A radical hardening type composition characterized by containing: (A) a (meth)acryloyl group-containing compound having (a) a Si-H group-containing compound represented by the following formula (1) and ( b) A skeleton formed by an addition reaction product of a polycyclic hydrocarbon having two addition-reactive carbon-carbon double bonds in one molecule, and having a (meth)acryloyl group at one or both ends of the molecule ,and

(in the formula, R ^{1 is} independently an addition-reactive carbon-carbon double bond, a substituted or unsubstituted monovalent hydrocarbon group with 1 to 12 carbon atoms, or an alkoxy group with 1 to 6 carbon atoms, R ² Represents a substituted or unsubstituted divalent hydrocarbon group with 1 to 12 carbon atoms), (B) a polymerization initiator.
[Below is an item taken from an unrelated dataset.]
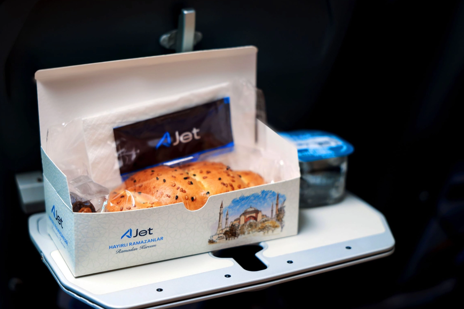 Bu özel setler, uçağın kalkış ve varış saatine göre iftar veya sahur vaktine en yakın dilimde kabin ekipleri tarafından koltuklara servis edilecek.

The radical-hardening composition according to claim 1, wherein the component (A) is a silicon-containing addition reaction product having two addition-reactive carbon-carbon double bonds in one molecule, and (c) is represented by the following formula ( 2) The (meth)acryloyl group-containing compound of the addition reaction product of the siloxane compound represented, the above-mentioned silicon-containing addition reaction product is (a) the above-mentioned Si-H group-containing compound and (b) The addition reaction product of the aforementioned polycyclic hydrocarbon,

(In the formula, R ¹ represents the same meaning as above, R ³ is either a hydrogen atom or a methyl group, and R ⁴ is a substituted or unsubstituted divalent hydrocarbon group having 1 to 8 carbon atoms). The radical hardening type composition according to claim 1 or 2, wherein the polycyclic hydrocarbons are 5-vinylbicyclo[2.2.1]hept-2-ene and 6-vinylbicyclo[2.2.1]hept-2 - any one of the alkenes or a combination of these. The radical hardening composition according to claim 1 or 2, wherein the component (A) is a compound represented by the following formula (3),

(in the formula, R ³ is either a hydrogen atom or a methyl group, n=0-10). The radical hardening type composition according to claim 1 or 2, wherein the aforementioned polymerization initiator is an organic peroxide or a photopolymerization initiator. The radical hardening type composition according to claim 5, wherein the organic peroxide has a 10-hour half-life temperature of 50 to 150°C. A hardened product characterized by being the hardened product of the radical hardening composition according to any one of claims 1 to 6.